→ SUPPLIED DATA
════

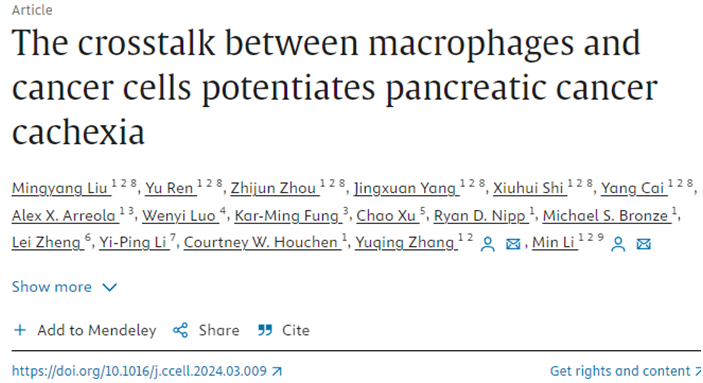 相关研究结果于2024年4月11日在线发表在Cancer Cell期刊上,论文标题为“The crosstalk between macrophages and cancer cells potentiates pancreatic cancer cachexia”。
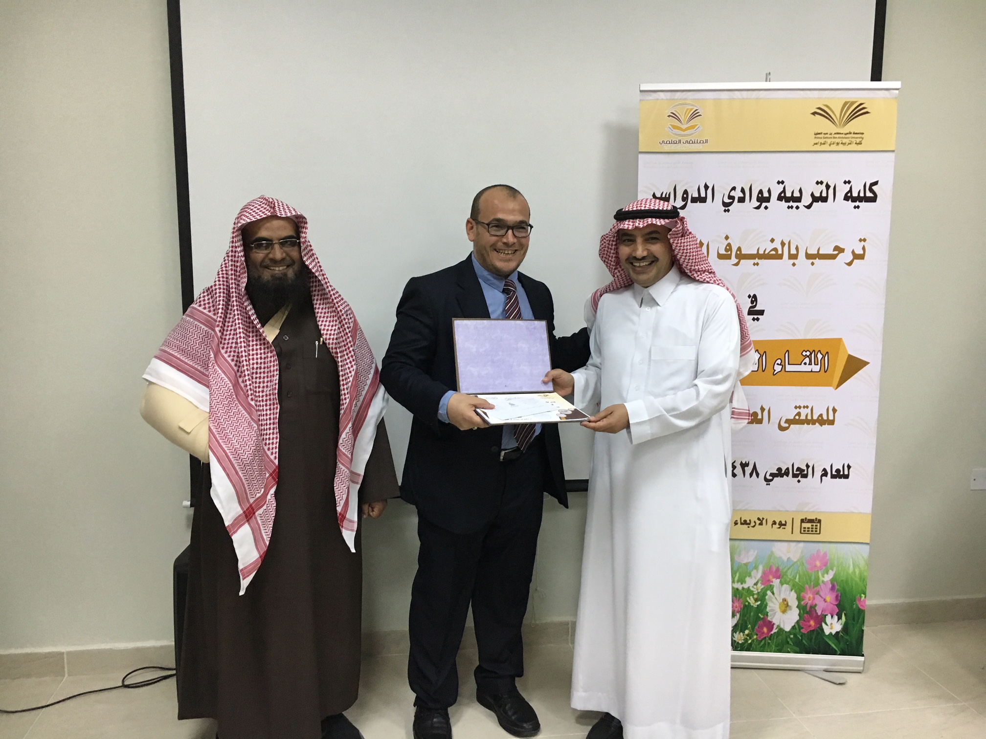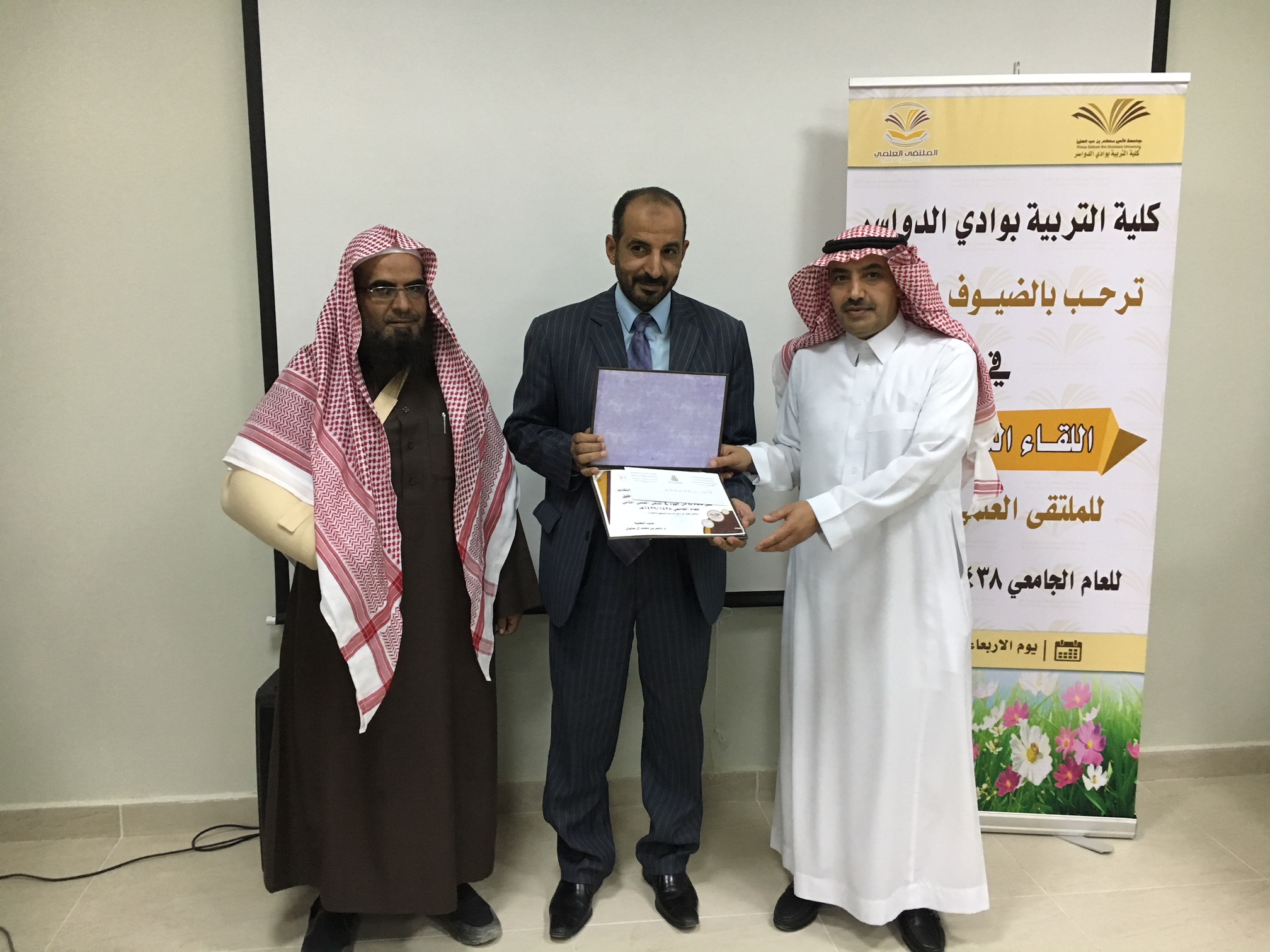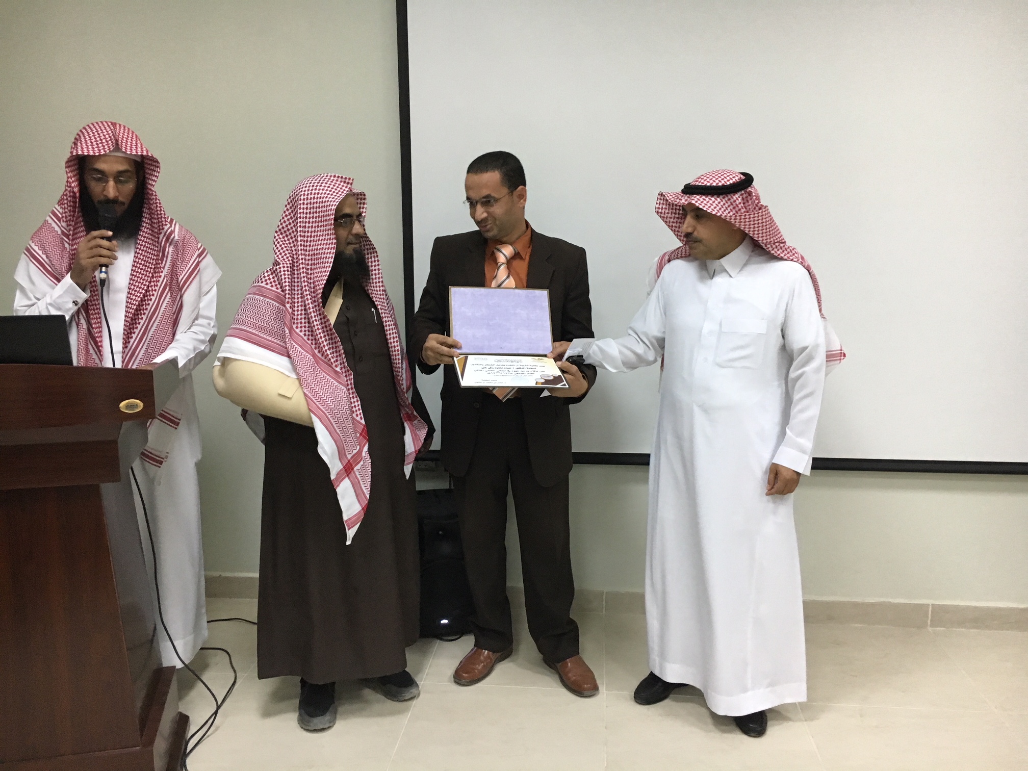 ثم جاء بعدها تكريم المشرفين على الطلاب من اعضاء هيئة التدريس والطلاب المشاركين على ما بذلوه من جهد كبير ومتميز .
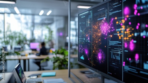 Obraz premium Office screen displays data; network visualization.
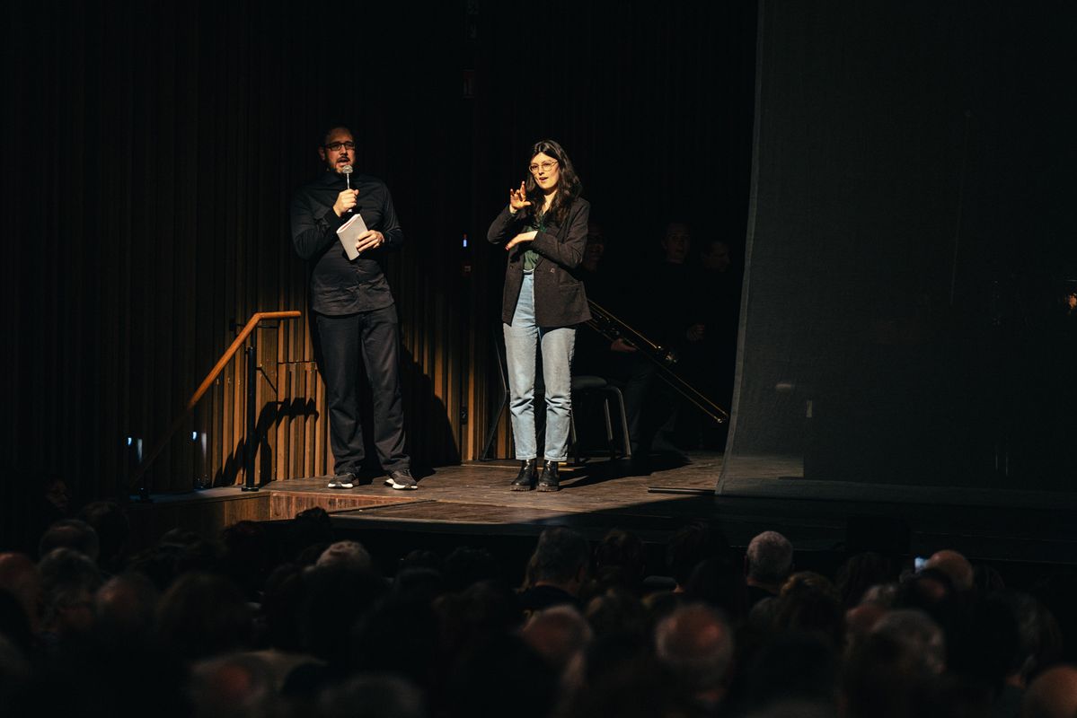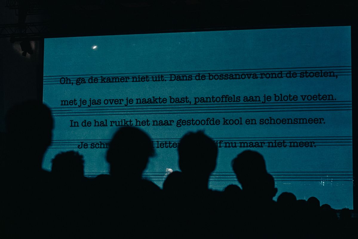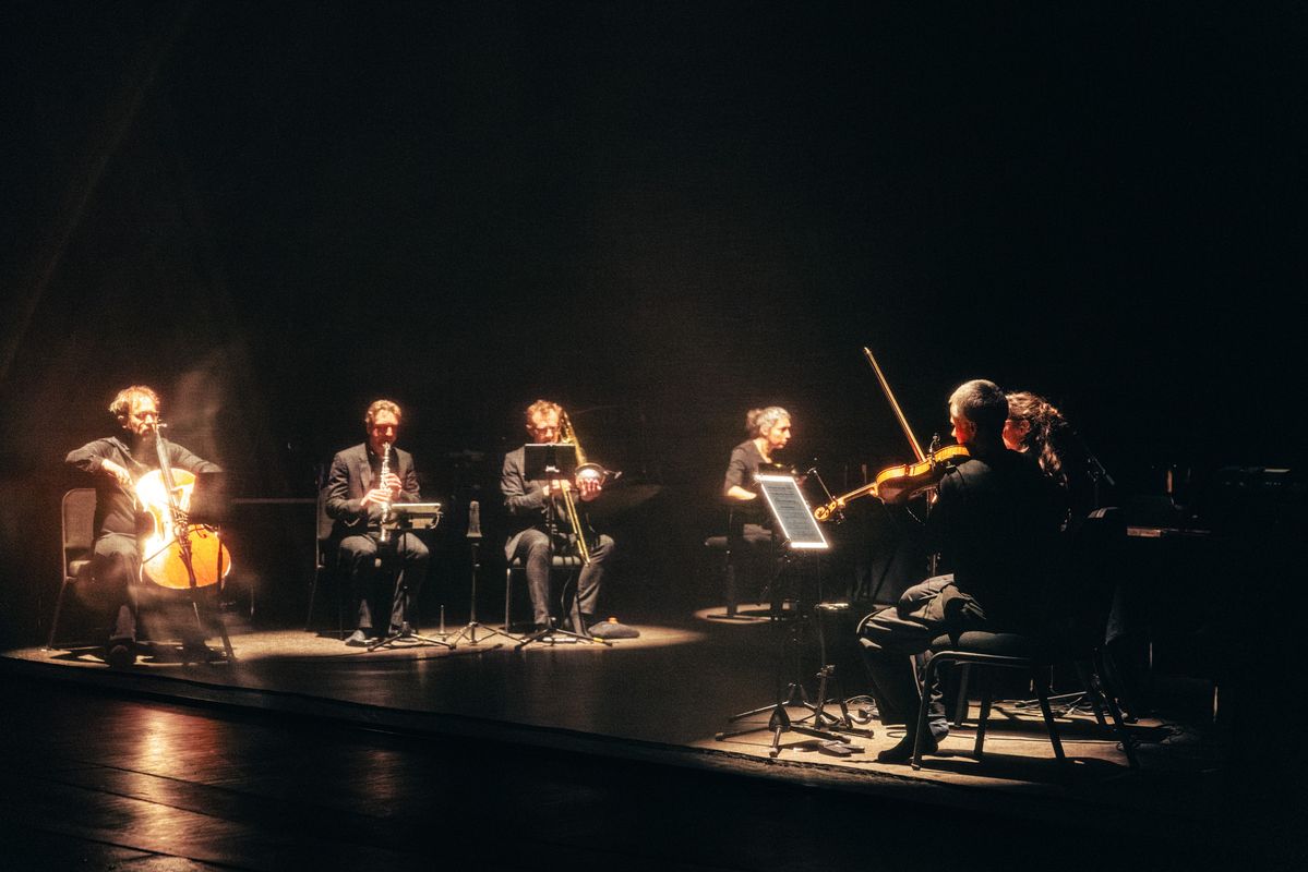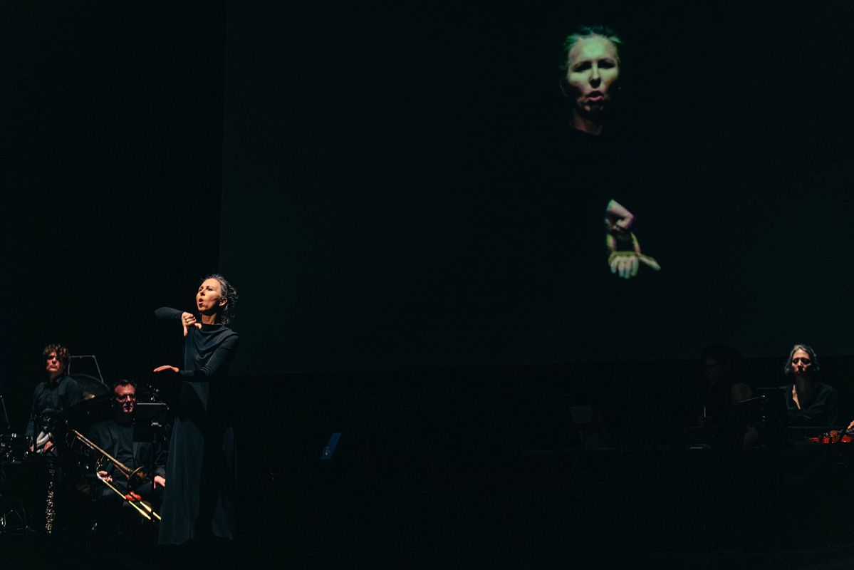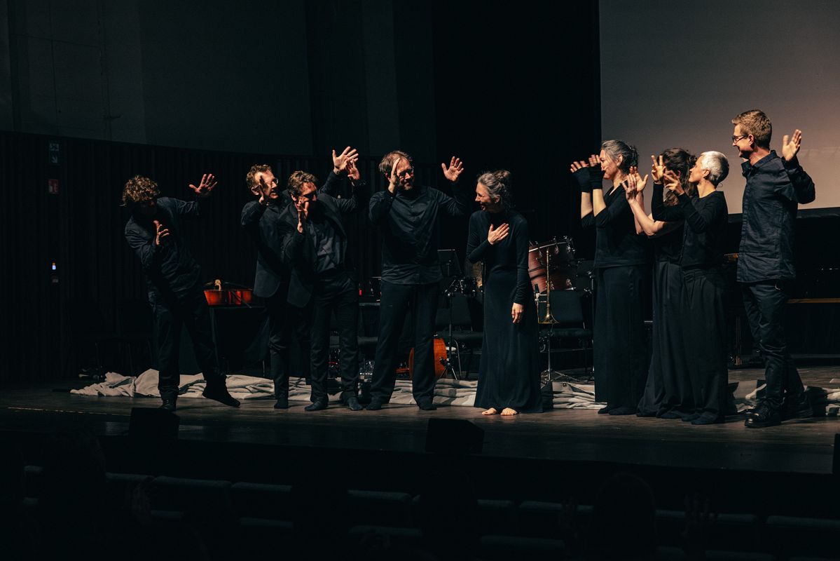 Een stem geven aan stille revoltes: dat doet 'Don't Leave the Room' van Nadar. Aan de basis lag het gelijknamige gedicht uit 1970 waarin de Russische dichter Iosif Brodski het angstvallige zwijgen van zijn volk beschimpt. Een stilte die zijn landgenoot, componist Alexander Khubeev, nu doorbreekt door het gedicht in gebarentaal te laten vertolken. De handen van de solist worden die van een dirigent die het ensemble richting geeft.

════

→ TASK OBJECTIVE
Nothing but the lines from the first line of the listing above to the line containing "Obraz premium Office" should appear in the answer, each one exact and with no pictures.

→ OUTPUT FOR THIS TASK
 相关研究结果于2024年4月11日在线发表在Cancer Cell期刊上,论文标题为“The crosstalk between macrophages and cancer cells potentiates pancreatic cancer cachexia”。
 ثم جاء بعدها تكريم المشرفين على الطلاب من اعضاء هيئة التدريس والطلاب المشاركين على ما بذلوه من جهد كبير ومتميز .
 Obraz premium Office screen displays data; network visualization.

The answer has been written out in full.